Upcoming Labyrinth Lecture Deepens Creativity and Reflection

Upcoming Labyrinth Lecture Deepens Creativity and Reflection

The Labyrinth at the University of Central Oklahoma sits on the southwest end of campus. Labyrinths are typically used to provoke thought and consideration within whomever is walking it. Photo by Ryan Naeve, The Vista. 

A recipient of the United Kingdom’s prestigious National Teaching fellowship, Jan Seller, will present a lecture based on a book she co-edited “Learning with the Labyrinth,” on Tuesday, Nov. 15 from 9:30- 11 a.m.

The book offers strategies through the use of the labyrinth to deepen reflection and creativity, providing stories with a range of disciplines including social work, design, health care and counseling, said Melissa Powers, certified labyrinth facilitator and professor at the University of Central Oklahoma’s Department of Kinesiology and Health.

“In the book there are chapters about different ways that labyrinth has been used on college campuses and classes for academic purposes… Dr.

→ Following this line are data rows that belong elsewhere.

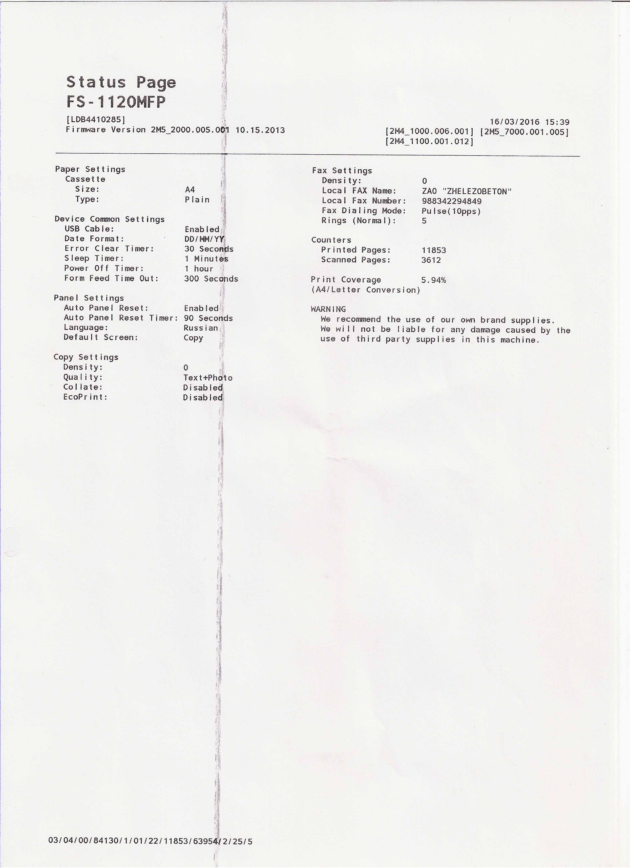 Белые полосы kyocera
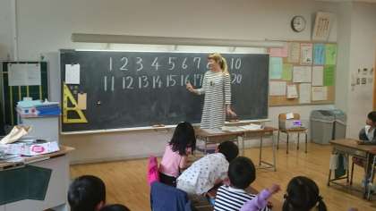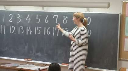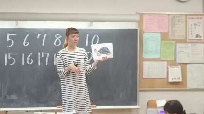 1〜20まで数字を逆に読んだり、動物や生き物のカードを使って質問をしたりして英語を知らない子どもも楽しみながら参加していました。
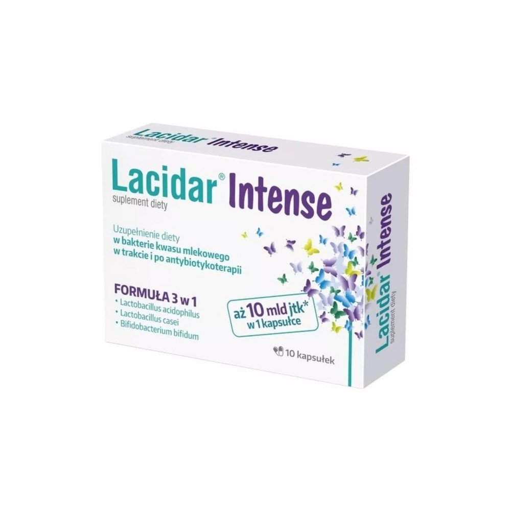 Lacidar Intense (0,3 g) es un complemento alimenticio que favorece la reposición intensiva y completa de la microflora intestinal natural durante y después de la terapia con antibióticos, así como en otras situaciones, como cambios en la dieta y diarreas de diversas etiologías.
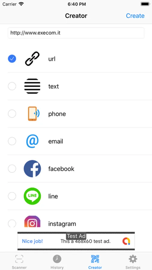 - Icon indicating the type of scanned QR code
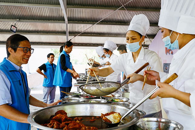 国庆中秋双节当日,上午10点30分,200余位国庆留守一线的建设者陆续来到徐汇滨江建设者之家,党员志愿者为建设者们送上热气腾腾的“国庆面”。
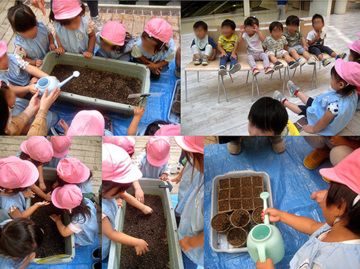 先週、保育園児さんたちがミニ大根とほうれん草の種蒔きを手伝ってくれました!
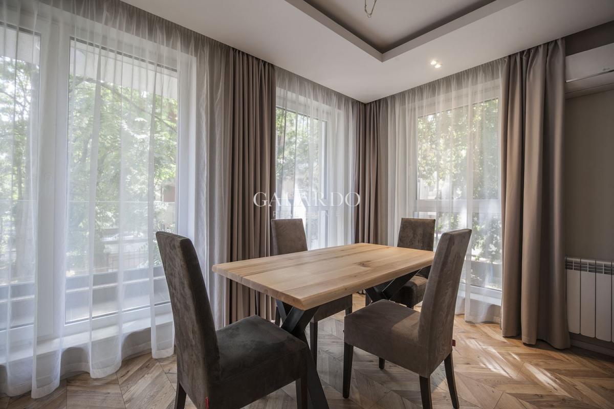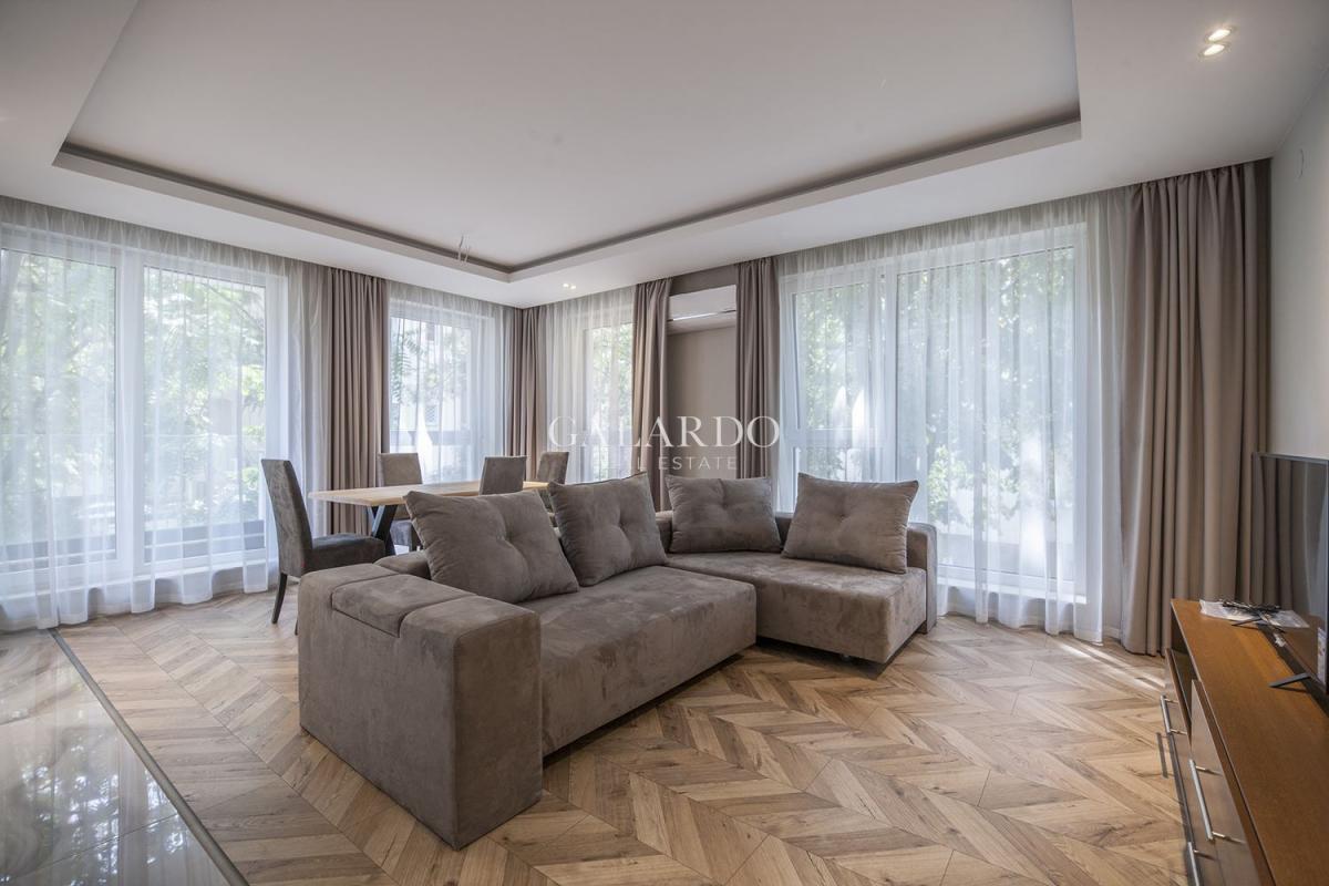 Жилището е изцяло обзаведено и завършено с висок клас подови настилки.
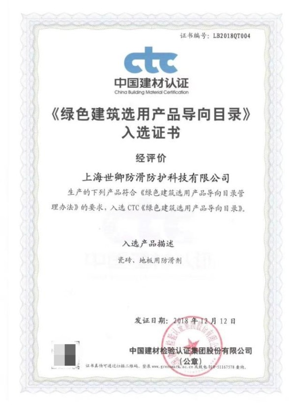 《绿色建筑选用产品》认证不仅是对世卿地面防滑剂技术创新和质量管理体系的高度肯定,更是对其在环保、可持续发展方面所作努力的认可。这一认证为世卿在市场上树立了强有力的品牌形象,进一步增强了企业在行业内的影响力和竞争力。消费者和合作伙伴对绿色、环保产品的关注日益增加,世卿地面防滑剂凭借这一认证,在众多同行中脱颖而出,成为了客户和市场优先选择的品牌。
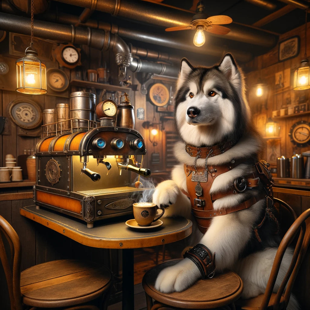 Hector is the embodiment of steampunk sophistication and canine charisma. As the proprietor of "The Gear and Growl," a renowned coffee shop nestled in the heart of the cobblestone-clad city, he's as skilled with an espresso machine as he is with a wrench. Hector's a master barista, his fur as sleek as the steam that dances from the cups of coffee he artfully crafts.
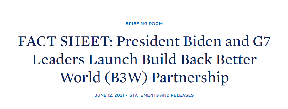 拜登鼓吹的計劃全稱為“重返更好世界:滿足中低收入國家巨大基礎設施需求的積極倡議”(Build Back Better World,簡稱B3W)。值得一提的是,這一名稱和拜登去年大選時的競選口號極為相似(Build Back Better,重建更美好的未來)。
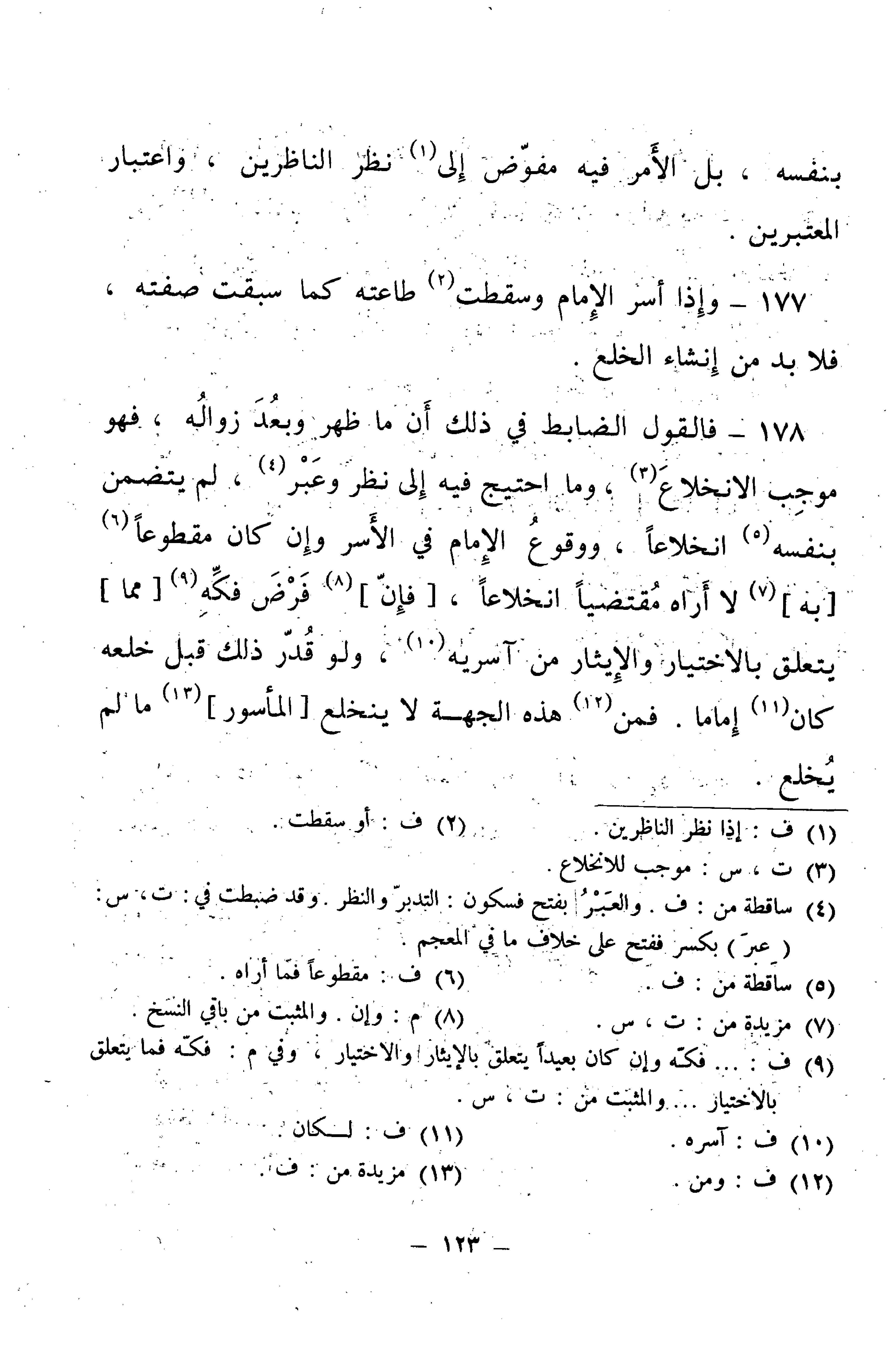 177 - وَإِذَا أُسِرَ الْإِمَامُ وَسَقَطَتْ طَاعَتُهُ كَمَا سَبَقَتْ صِفَتُهُ، فَلَا بُدَّ مِنْ إِنْشَاءِ الْخَلْعِ.
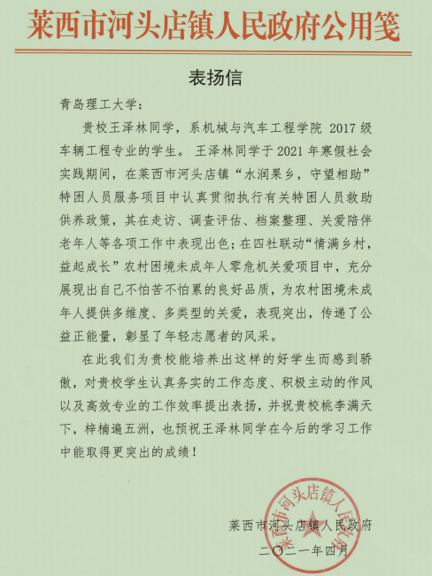 2021年5月20日,公司收到一封表扬信,该信来自山东省莱西市河头店镇人民政府,信中对tyc122ccVIP2017级车辆工程3班的王泽林同学2021年寒假期间在镇专项服务项目中的突出表现进行了表扬。
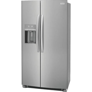 This Frigidaire Gallery 36 in. Side-by-side refrigerator offers our advanced CrispSeal Plus Crisper. This crisper keeps produce fresh with a seal that blocks out dry air, plus an added filter reduces the gas that causes produce to ripen faster. It also features our EvenTemp Cooling System which keeps your food fresh by reacting quickly to temperature fluctuations and constantly circulates cold air throughout the fresh food and freezer compartments, ensuring a consistent cool from top to bottom.. Convenient dedicated Deli Drawer to easily organize favorites. Built in air filter that captures and keeps odors away. Keep produce fresh longer in our advanced crispers. CrispSeal Plus crisper - help prevent produce from spoiling: advanced CrispSeal Plus keeps produce fresh with a seal that blocks out dry air, plus an added filter reduces the gas that causes produce to ripen faster. EvenTemp cooling system - keep your food fresh and reduce freezer burn with our variable speed compressor that reacts quickly to temperature fluctuations and constantly circulates cold air throughout the fresh food and freezer compartments. Spacewise organization system - find a place for everything with our flexible organization system, including three removable glass shelves, adjustable gallon door bin, and a slim design ice maker that holds 9 lbs. of ice without taking up valuable shelf space. Smudge-proof stainless steel - resists fingerprints and cleans easily. Deli drawer - keep sandwich meats and cheeses organized and easy to reach in a convenient dedicated drawer. ENERGY STAR certified - save money and maximize energy efficiency with ENERGY STAR certified appliances. Multi-level bright led lighting - keep safe, great tasting water flowing, our filter reduces up to 9Find fresh foods quickly with our bright LED lighting. PurePour water filter - keep safe, great tasting water flowing, our filter reduces up to 99% of contaminants, cuts back on plastic and saves the cost of bottled water, NSF and WQA certified. PureAir Ultra II air filter - our air filter performs better than baking soda, capturing undesirable smells to keep your fridge fresh for longer. Automatic de-frost. Door ajar alarm. Compatible water filter model: FPPWFU01. Add .25-in + depth of handle if door will open against a wall. Compatible with water filter model : HDFPPWFU01 . Compatible with air filter model : PAULTRA2 . Click here to shop all Frigidaire appliances . Click here for more information on Electronic Recycling Programs . Appliance Category: Refrigerator. Appliance Series: Frigidaire Gallery. Appliance Type: Side-by-Side Refrigerator. Built-In and Standard Type: Side-by-Side. Color - Appliance Cabinet: Stainless Look. Color - Door Handle(s): Stainless Steel. Color/Finish: Smudge-Proof Stainless Steel. Color/Finish Family: Stainless Steel. Defrost Type: Auto / Cycle. Dispenser Location: External Ice Dispenser,External Water Dispenser. Door Finish: Smooth. Energy Consumption (kWh/year): 647. Energy Efficiency Tier Rating: Tier I. Freezer Capacity (cu. ft.): 9 cu ft. Freezer Door Type: Swing Door. Freezer Features: In-door Storage,LED Light Type. Freezer Type: Side Door Freezer. General Features: Dispenser Light,Door Alarm,Interior Light,LED Light Type,Sabbath Mode,Smudge-Proof. Handle Type: Bar Handle. Hardware Color/Finish: Gray. Hardware Color/Finish Family: Stainless Steel. Ice Maker Features: Control Lockout,Filtered Ice,Removable Basket. Ice/Water Dispenser: Both. Indoor/Outdoor: Indoor. Installation Depth: Standard Depth. Installation Type: Free Standing. Number of Doors: 2 Door. Number of Freezer Baskets/Bins: 2 Baskets/Bins. Number of Freezer Shelves: 3 Shelves. Number of Refrigerator Shelves: 3 Shelves. Operational Features: Fresh Air Filter,Humidity Control,Sabbath Mode. Overall Product Height (in.): 70 in. Product Weight (lb.): 278.35 lb. Refrigeration Dispenser Features: Crushed Ice,Cubed Ice,Filtration Replacement Indicator Light,Water Dispenser. Refrigerator Capacity (cu. ft.): 16.6 cu ft. Shelf Material - Freezer: Glass. Shelf Material - Refrigerator: Glass. Storage Features: Adjustable Shelves/Racks,Deli Drawer,Gallon Door Storage,Spill Proof Shelves. Temperature Control Type: Internal Electric. Total Capacity (cu. ft.): 25.6 cu ft. Water Filter Replacement Model#: FPPWFU01. Certifications and Listings: ADA Compliant,Energy Star,cUL Listed. Depth (Excluding Handles) (in.): 33.375 in. Depth (Including Handles) (in.): 35.875 in. Depth (Less Door) (in.): 28.75 in. Depth With Door Open 90 Degrees (in.): 50. Height to Top of Door Hinge (in.): 69.875 in. Height to Top of Refrigerator Case (in.): 68.625 in. Height to Top of Refrigerator Door (in.): 69.875 in. Product Depth (in.): 33.375 in. Product Height (in.): 69.875 in. Product Width (in.): 35.875 in. Refrigerator Width (in.): 36.125 in
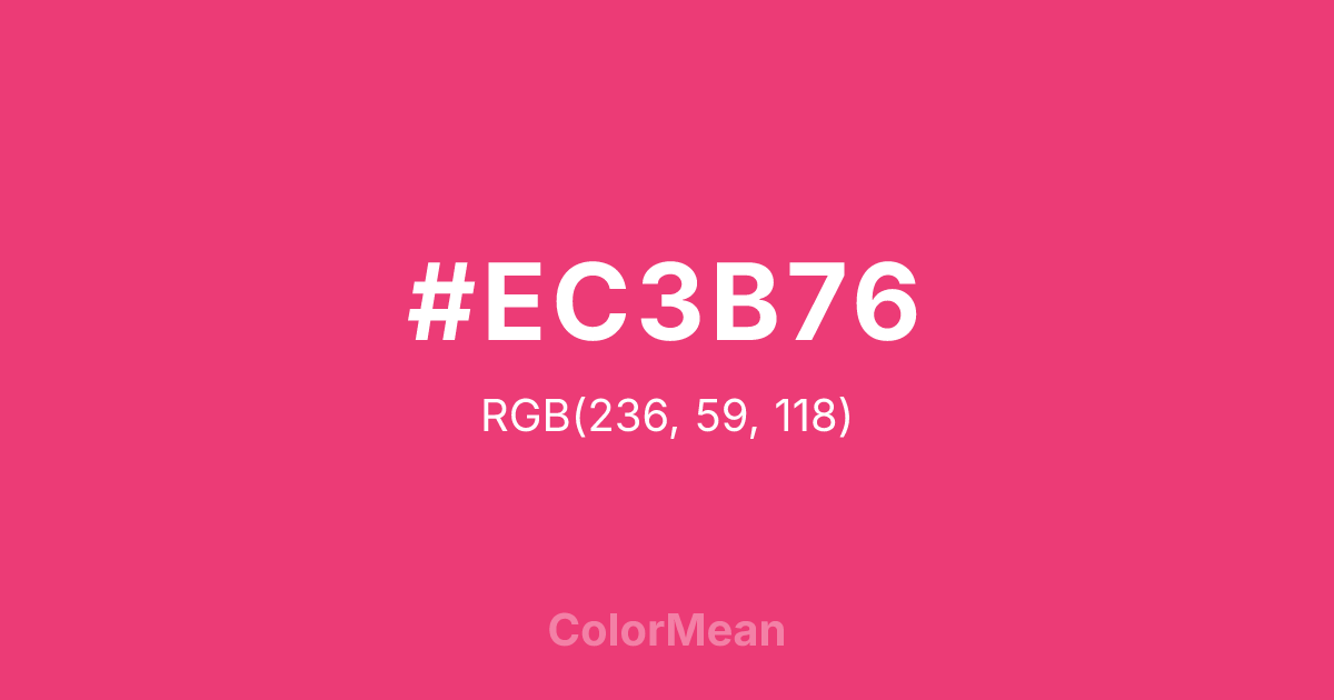 #EC3B76 RGB value is (236, 59, 118). The hex color red value is 236, green is 59, and blue is 118. Its HSL format shows a hue of 340°, saturation of 82 percent, and lightness of 58 percent. The CMYK process values are 0 percent, 75 percent, 50 percent, 7 percent.
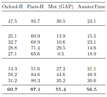 우리는 표 18, 표 19에서 지구 관측 과제에 대한 다양한 방법의 성능을 비교했다.
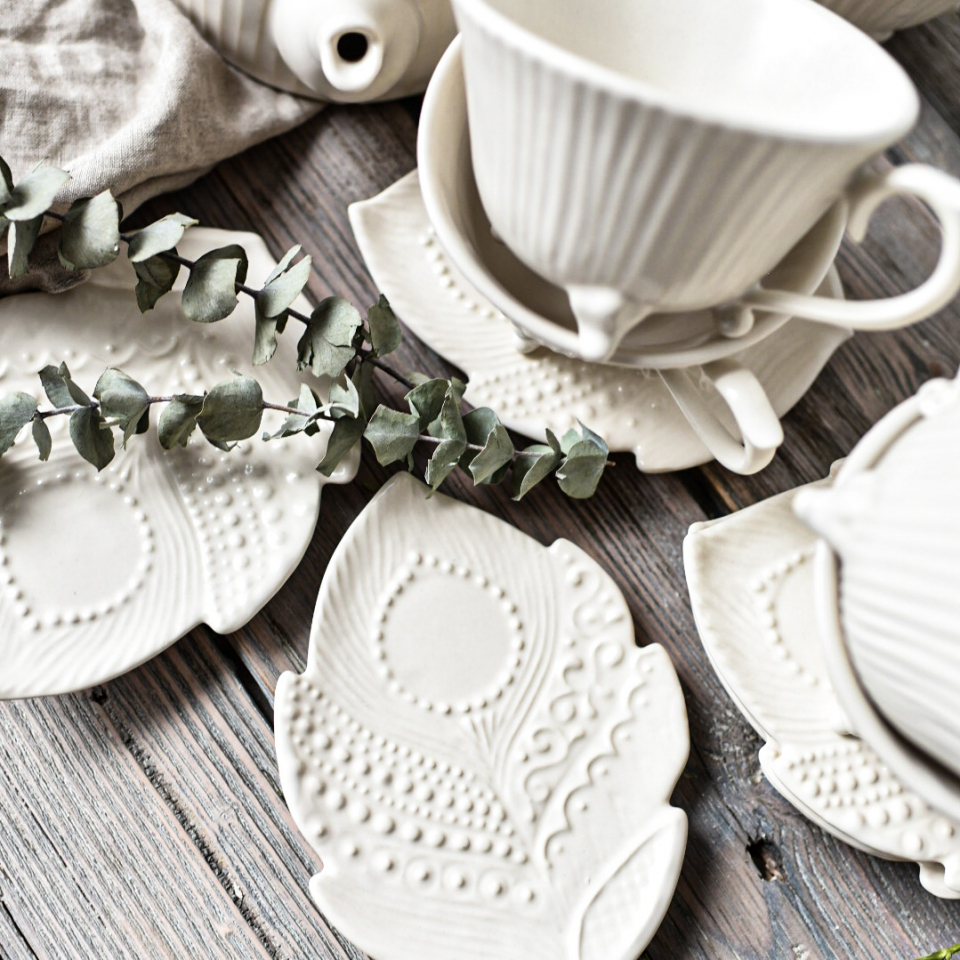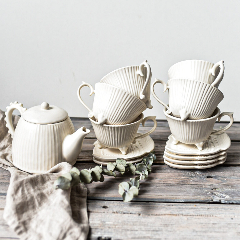 Чайный сервиз ручной работы на 6 персоны, белый, сливочный, полуматовый. Чайник 650мл (14см высота), 6 кружек на ножках 250мл, 6 блюдец в виде пера с тукстурной росписью.

Seller brought together faculty and campus administrators from around the world, mostly in the US [and] in the UK, to write chapters about ways they are using the labyrinth in their classes and their campuses,” said Powers.

Powers read the book, and said that over 10 faculty and staff are reading the book as well. At this particular book club, they met twice to talk about “Learning with the Labyrinth,” and they said they are excited to meet with Dr. Seller’s next week, she said.

“I think the lecture has applications to many people. Dr. Seller often writes from a perspective to faculty, [for example] how we integrate this to our classroom. But I think it has applications to students, to help them understand why are we using this tool in our class, and how can this help them be a reflective and creative learner. I think it has applications in the community. I think we all, just in our personal lives and professional lives, could be more reflective and more creative and innovative and that’s what that labyrinth does,” said Powers.

At the educational lecture sponsored by the Center for Excellence in Transformative Teaching and Learning at UCO, another co-author will be present.

C. Diane Rudebook, UCO professor of the Department of Kinesiology and Health studies, contributed to a chapter in the book titled “Transformative learning: Introducing the Labyrinth Across Academic Disciplines.”

The lecture will take place in the Nigh University Center, Room 301. The event is free and open to the public.

“Anytime we take a pause to think about something, we tend to think about it differently… If you take a break and go for a short walk in the labyrinth to quiet your mind, that’s the time a new idea can come to you,” said Powers.

The labyrinth is a walking meditation, a space set aside for people to reflect, contemplate and look within. The rhythm of walking empties the mind and relaxes the body, said Powers.

UCO was the first public university to implement a labyrinth on campus.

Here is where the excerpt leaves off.